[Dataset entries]
....................

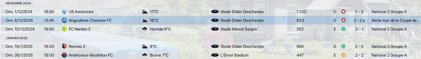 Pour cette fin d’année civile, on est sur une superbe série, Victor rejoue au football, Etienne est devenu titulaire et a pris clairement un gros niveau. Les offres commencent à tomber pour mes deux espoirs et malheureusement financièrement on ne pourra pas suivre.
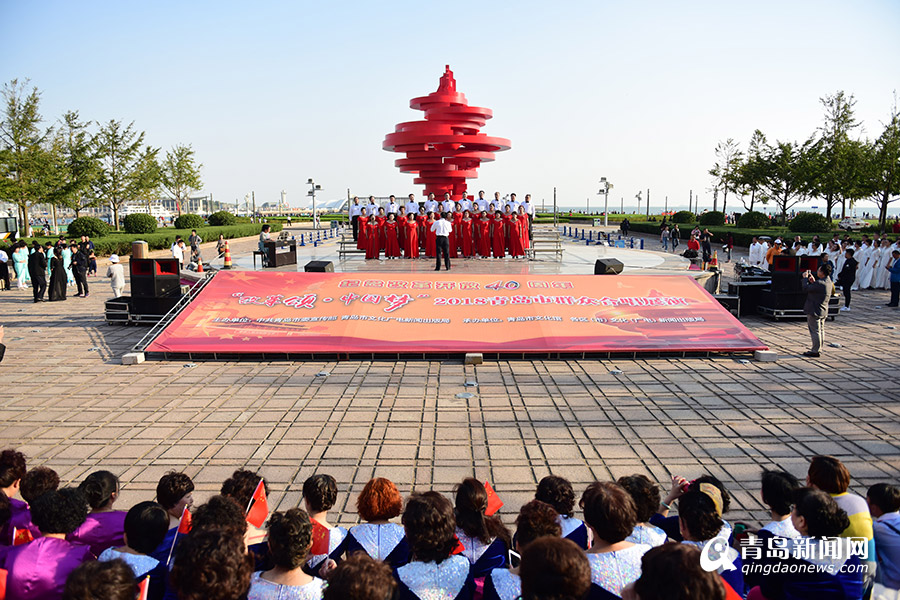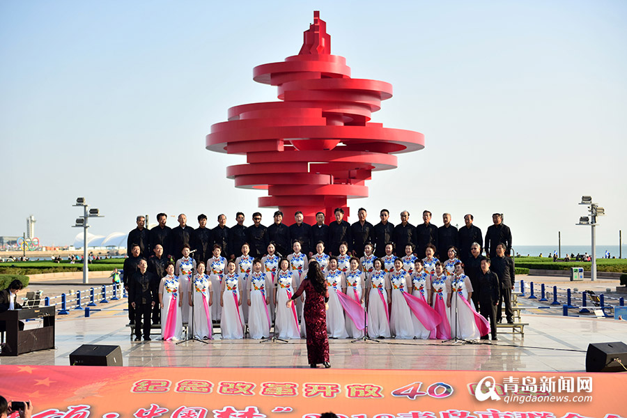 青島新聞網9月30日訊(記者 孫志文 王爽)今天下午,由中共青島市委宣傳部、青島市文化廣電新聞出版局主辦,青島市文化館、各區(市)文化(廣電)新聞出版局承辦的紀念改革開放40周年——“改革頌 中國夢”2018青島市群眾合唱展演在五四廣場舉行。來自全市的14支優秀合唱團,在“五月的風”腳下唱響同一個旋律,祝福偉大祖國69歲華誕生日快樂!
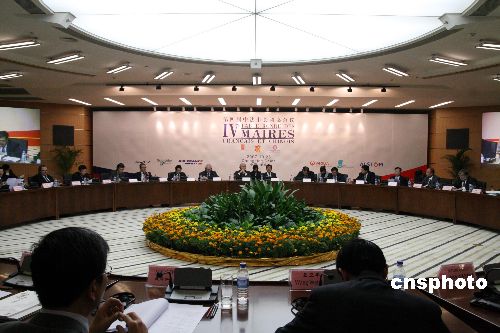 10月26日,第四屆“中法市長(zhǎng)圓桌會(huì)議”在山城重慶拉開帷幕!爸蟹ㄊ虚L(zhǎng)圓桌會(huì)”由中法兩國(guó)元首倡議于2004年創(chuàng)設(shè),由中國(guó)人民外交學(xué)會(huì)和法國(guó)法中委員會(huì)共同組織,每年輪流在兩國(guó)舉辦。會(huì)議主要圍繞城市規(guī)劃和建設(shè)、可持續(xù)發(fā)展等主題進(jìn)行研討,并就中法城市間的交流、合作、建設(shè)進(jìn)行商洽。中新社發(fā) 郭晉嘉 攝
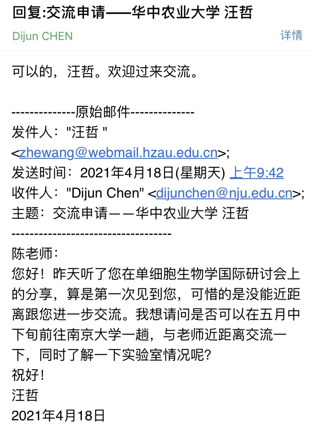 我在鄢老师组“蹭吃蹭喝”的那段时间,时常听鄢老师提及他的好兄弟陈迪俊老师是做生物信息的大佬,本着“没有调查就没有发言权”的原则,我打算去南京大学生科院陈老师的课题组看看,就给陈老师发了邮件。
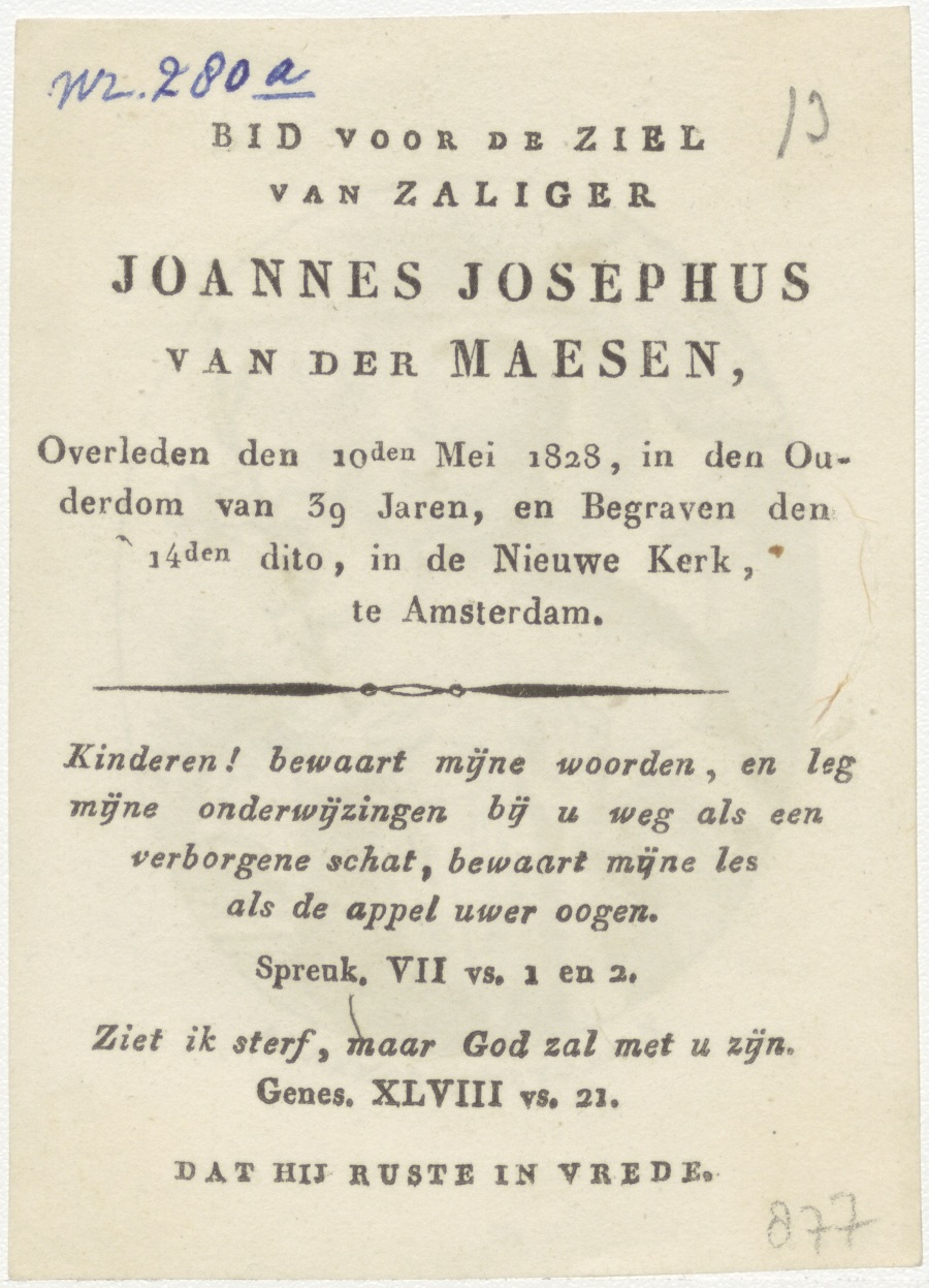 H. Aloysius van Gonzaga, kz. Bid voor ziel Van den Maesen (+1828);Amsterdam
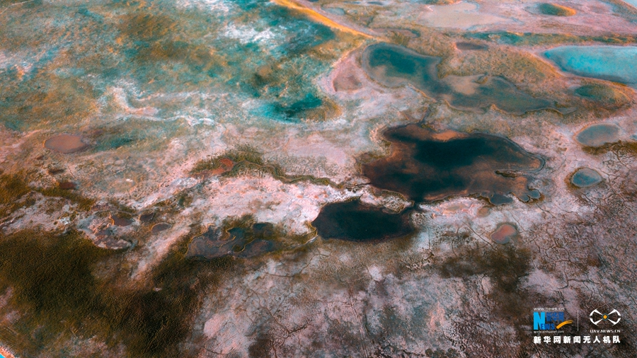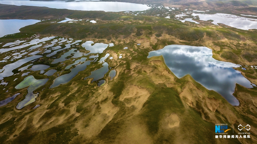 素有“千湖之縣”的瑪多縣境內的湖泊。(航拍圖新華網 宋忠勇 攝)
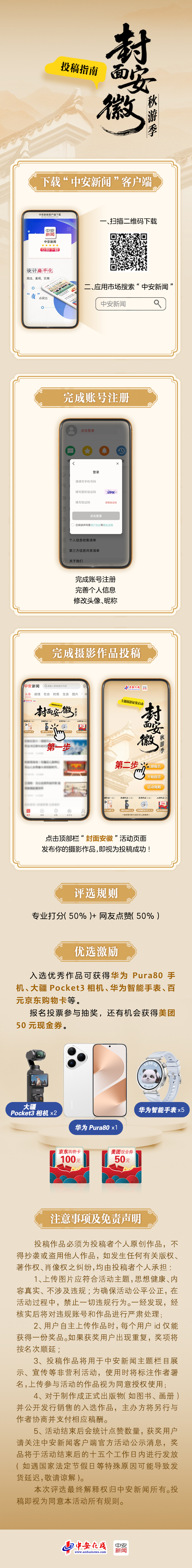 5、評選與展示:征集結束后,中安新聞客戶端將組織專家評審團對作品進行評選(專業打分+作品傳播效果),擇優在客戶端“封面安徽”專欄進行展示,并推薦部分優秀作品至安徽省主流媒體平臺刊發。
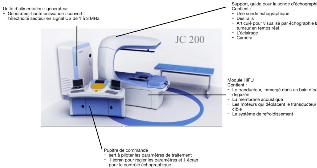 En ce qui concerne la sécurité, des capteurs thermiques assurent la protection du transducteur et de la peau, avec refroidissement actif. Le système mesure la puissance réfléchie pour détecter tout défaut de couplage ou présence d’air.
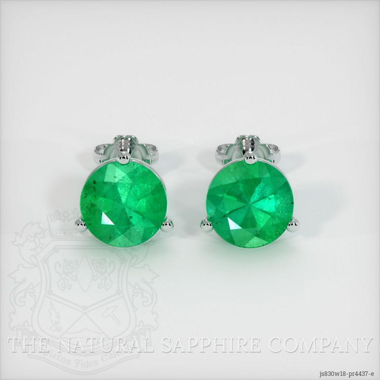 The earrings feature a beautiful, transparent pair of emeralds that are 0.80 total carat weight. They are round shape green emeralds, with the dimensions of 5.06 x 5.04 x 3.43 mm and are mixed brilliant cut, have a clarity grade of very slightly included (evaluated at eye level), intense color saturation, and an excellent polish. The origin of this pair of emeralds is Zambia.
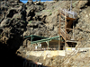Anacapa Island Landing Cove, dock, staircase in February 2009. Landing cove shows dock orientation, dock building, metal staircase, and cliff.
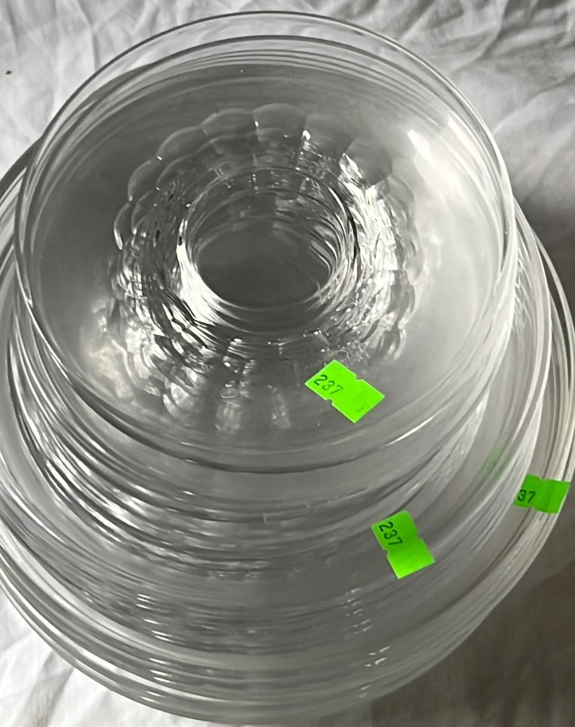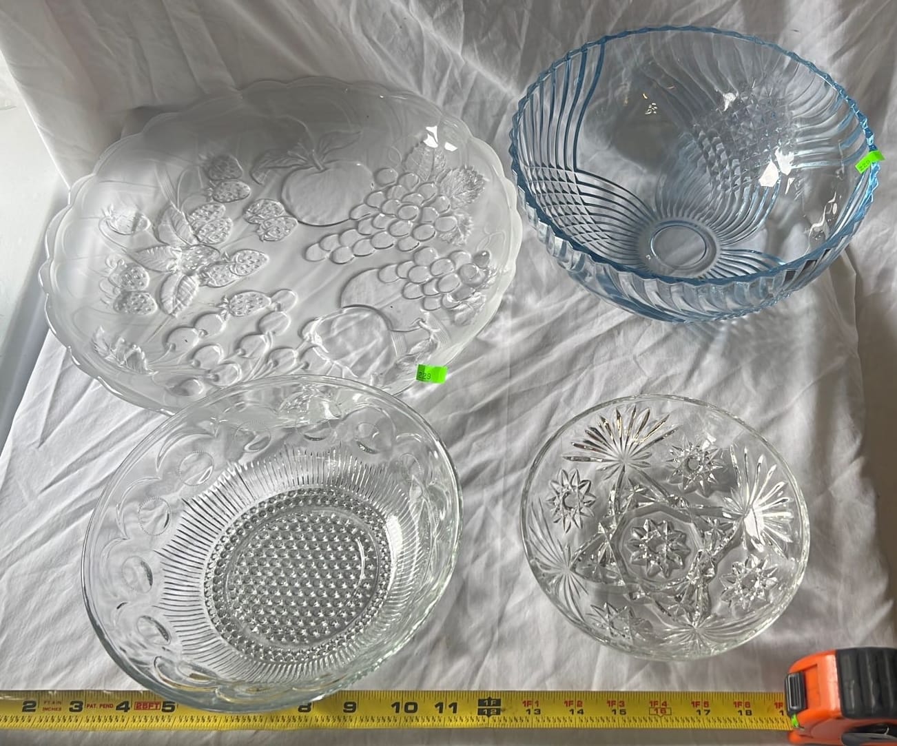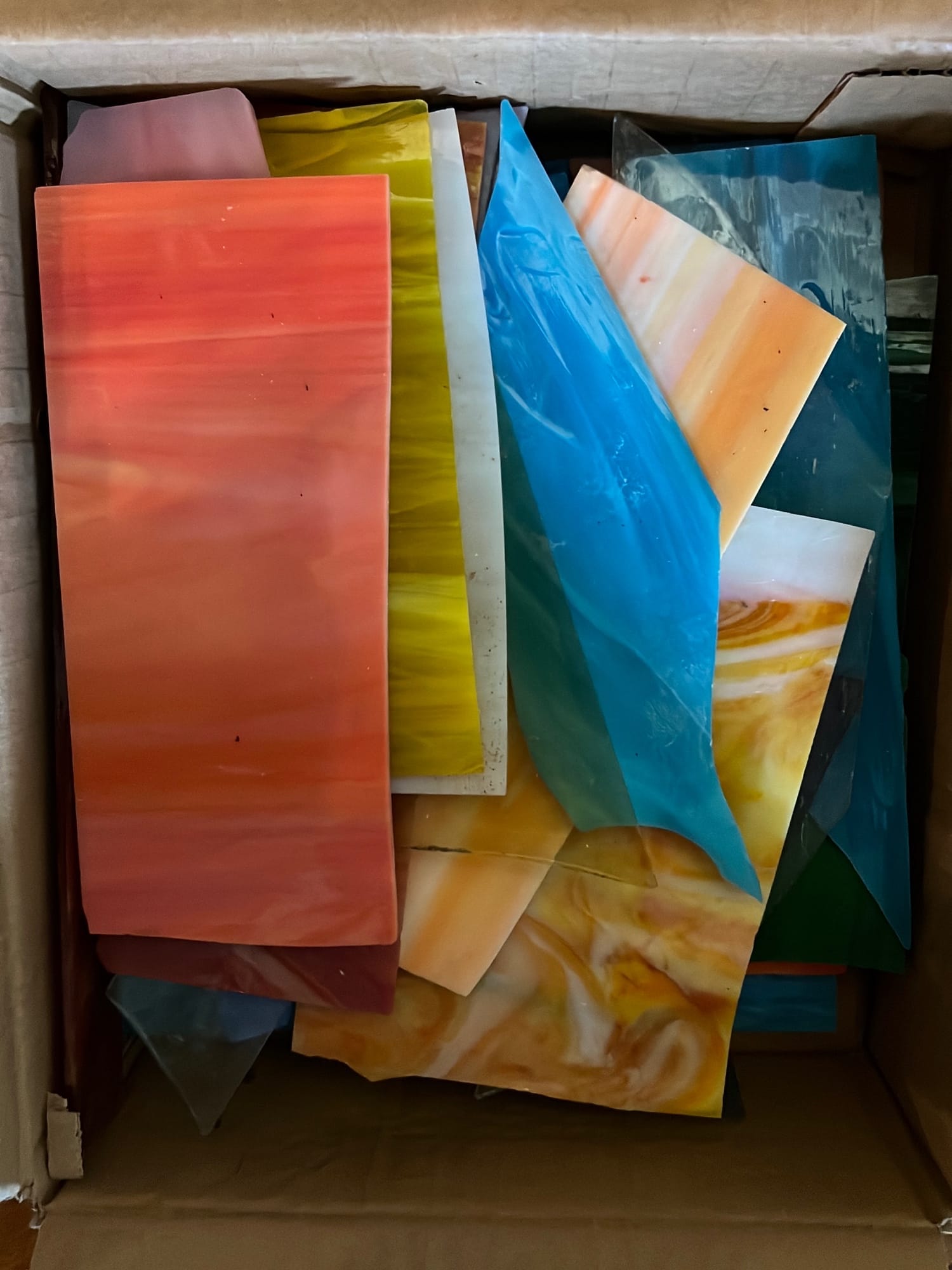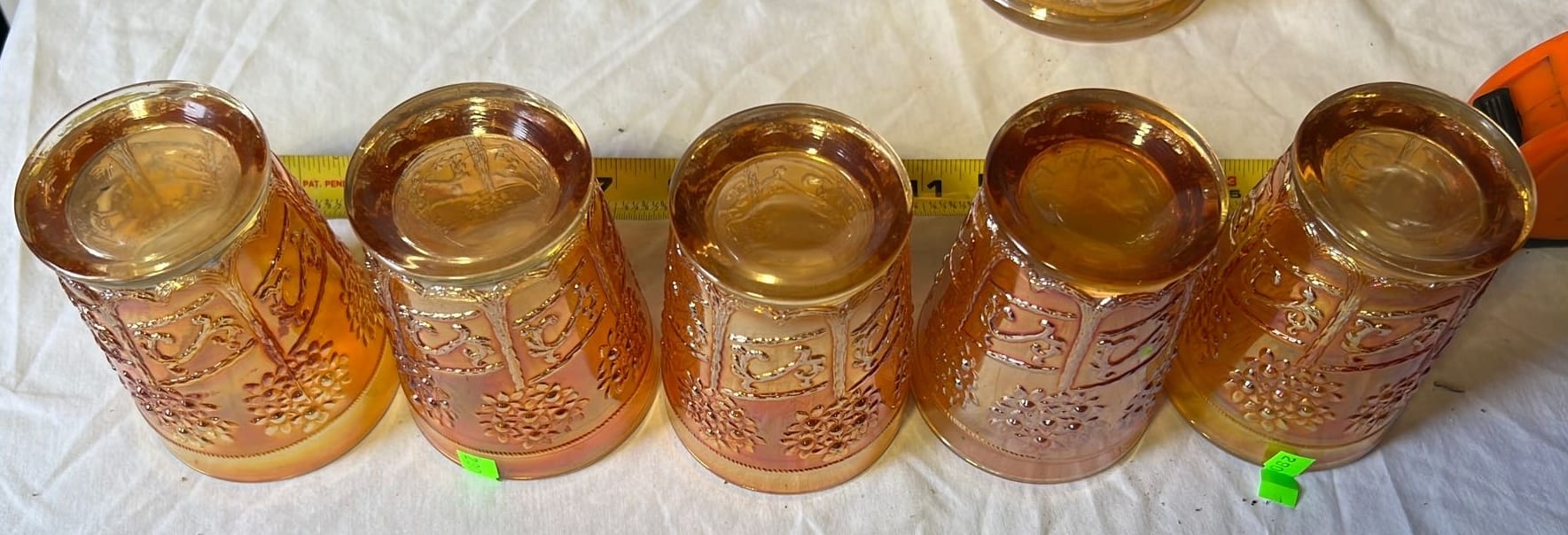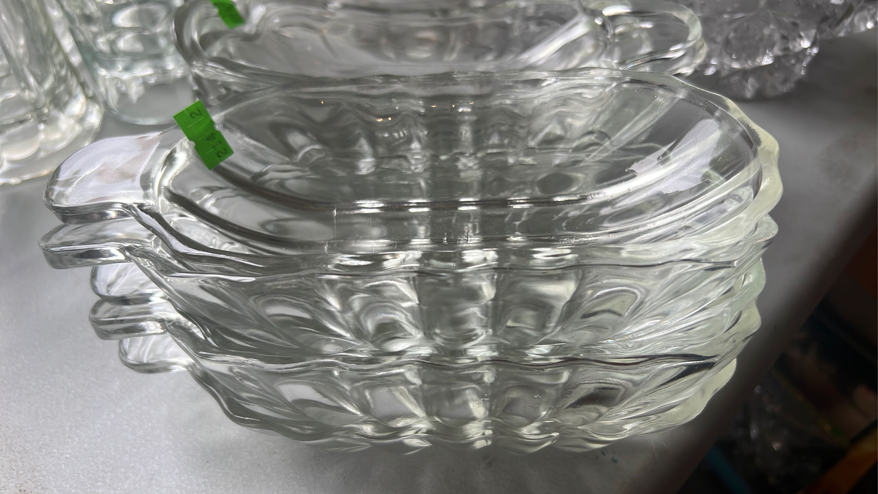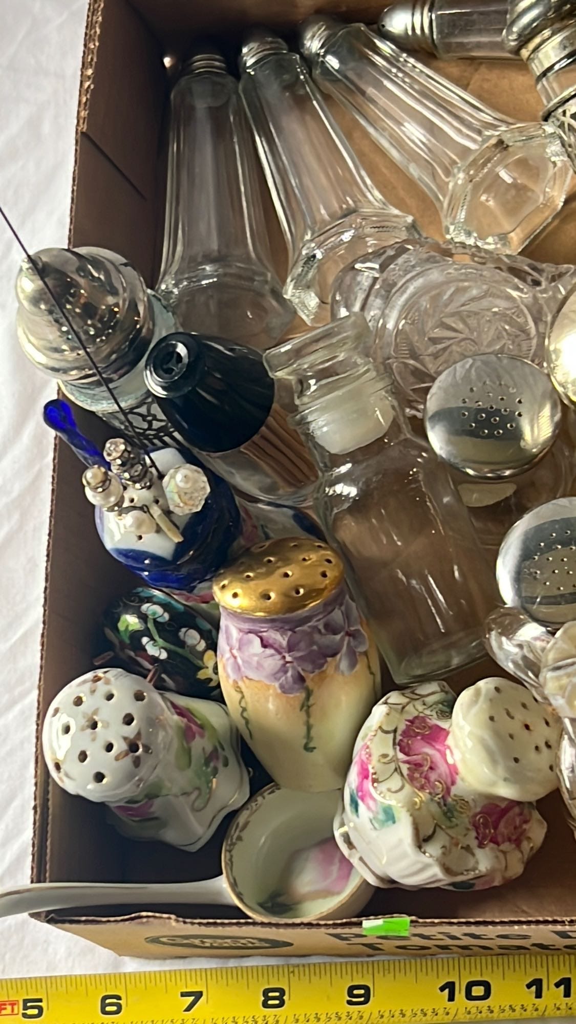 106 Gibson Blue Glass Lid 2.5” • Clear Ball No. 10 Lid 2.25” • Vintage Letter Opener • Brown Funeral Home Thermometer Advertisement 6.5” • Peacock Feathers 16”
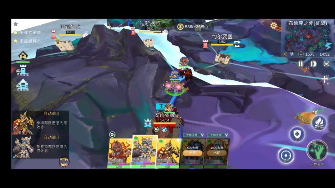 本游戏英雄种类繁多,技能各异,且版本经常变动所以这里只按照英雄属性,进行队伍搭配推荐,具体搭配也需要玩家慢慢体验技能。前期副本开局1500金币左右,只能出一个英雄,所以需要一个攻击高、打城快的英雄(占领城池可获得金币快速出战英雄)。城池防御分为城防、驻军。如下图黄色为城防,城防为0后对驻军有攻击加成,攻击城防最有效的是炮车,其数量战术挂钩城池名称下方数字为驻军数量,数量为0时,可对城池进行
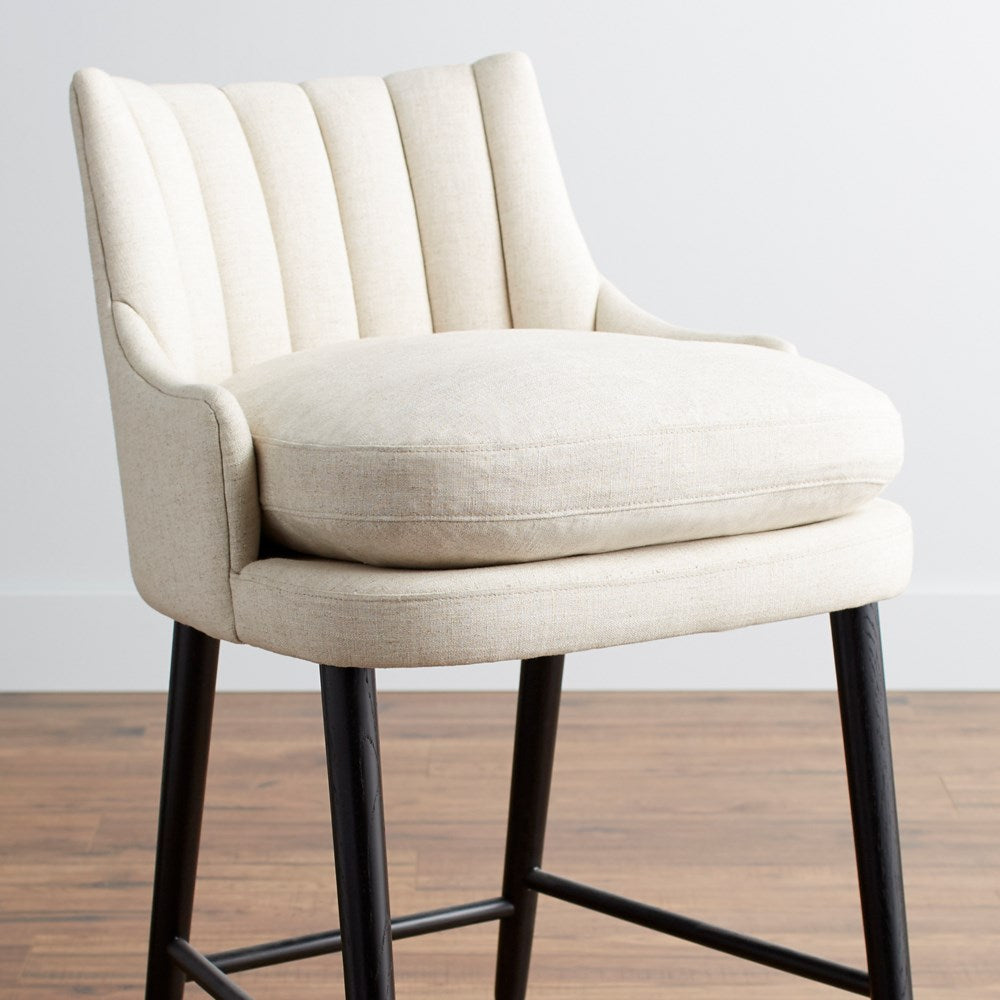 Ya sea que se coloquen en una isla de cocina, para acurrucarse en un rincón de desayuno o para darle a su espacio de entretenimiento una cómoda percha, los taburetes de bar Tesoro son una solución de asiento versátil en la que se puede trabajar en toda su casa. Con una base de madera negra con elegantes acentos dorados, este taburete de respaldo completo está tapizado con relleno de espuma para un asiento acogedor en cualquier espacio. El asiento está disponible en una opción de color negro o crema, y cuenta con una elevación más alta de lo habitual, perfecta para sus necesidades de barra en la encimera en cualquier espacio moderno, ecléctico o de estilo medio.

....................

### Work order
Because only one stretch of the records is wanted, please output the lines from the one holding "H. Aloysius van" through the one holding "106 Gibson Blue" exactly, both included, and leave every picture out.

### Answer to this task
 H. Aloysius van Gonzaga, kz. Bid voor ziel Van den Maesen (+1828);Amsterdam
 素有“千湖之縣”的瑪多縣境內的湖泊。(航拍圖新華網 宋忠勇 攝)
 5、評選與展示:征集結束后,中安新聞客戶端將組織專家評審團對作品進行評選(專業打分+作品傳播效果),擇優在客戶端“封面安徽”專欄進行展示,并推薦部分優秀作品至安徽省主流媒體平臺刊發。
 En ce qui concerne la sécurité, des capteurs thermiques assurent la protection du transducteur et de la peau, avec refroidissement actif. Le système mesure la puissance réfléchie pour détecter tout défaut de couplage ou présence d’air.
 The earrings feature a beautiful, transparent pair of emeralds that are 0.80 total carat weight. They are round shape green emeralds, with the dimensions of 5.06 x 5.04 x 3.43 mm and are mixed brilliant cut, have a clarity grade of very slightly included (evaluated at eye level), intense color saturation, and an excellent polish. The origin of this pair of emeralds is Zambia.
Anacapa Island Landing Cove, dock, staircase in February 2009. Landing cove shows dock orientation, dock building, metal staircase, and cliff.
 106 Gibson Blue Glass Lid 2.5” • Clear Ball No. 10 Lid 2.25” • Vintage Letter Opener • Brown Funeral Home Thermometer Advertisement 6.5” • Peacock Feathers 16”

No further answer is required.